- _STORED DATA_:
══════
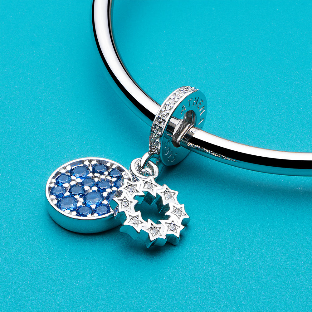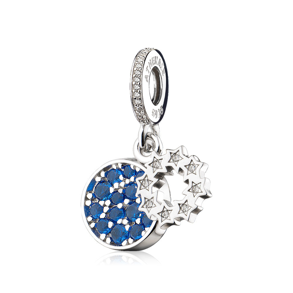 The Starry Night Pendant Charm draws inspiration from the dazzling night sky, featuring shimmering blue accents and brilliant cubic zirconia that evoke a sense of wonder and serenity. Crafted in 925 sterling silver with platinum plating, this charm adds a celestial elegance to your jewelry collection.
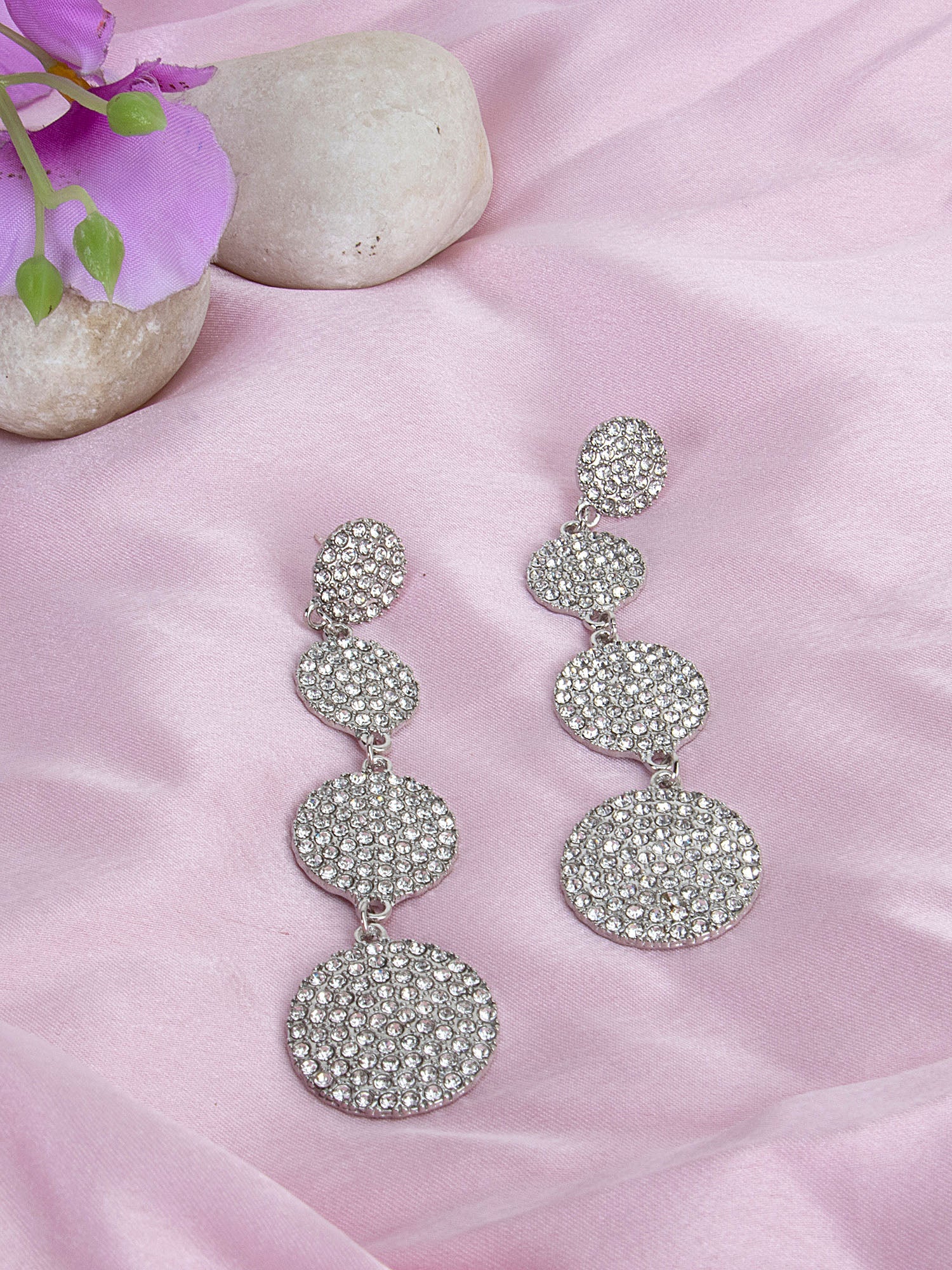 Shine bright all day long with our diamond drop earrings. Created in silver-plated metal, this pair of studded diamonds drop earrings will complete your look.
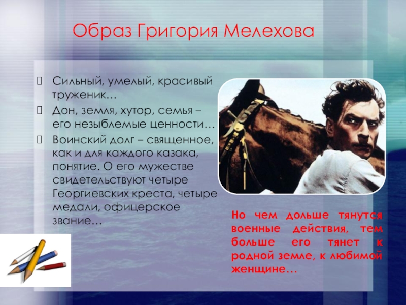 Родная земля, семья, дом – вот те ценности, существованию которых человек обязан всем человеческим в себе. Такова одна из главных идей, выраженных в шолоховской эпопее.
══════
- _PROBLEM TO SOLVE_:
Output the data above exactly. Drop every picture.

- _RESULT_:
 The Starry Night Pendant Charm draws inspiration from the dazzling night sky, featuring shimmering blue accents and brilliant cubic zirconia that evoke a sense of wonder and serenity. Crafted in 925 sterling silver with platinum plating, this charm adds a celestial elegance to your jewelry collection.
 Shine bright all day long with our diamond drop earrings. Created in silver-plated metal, this pair of studded diamonds drop earrings will complete your look.
 Родная земля, семья, дом – вот те ценности, существованию которых человек обязан всем человеческим в себе. Такова одна из главных идей, выраженных в шолоховской эпопее.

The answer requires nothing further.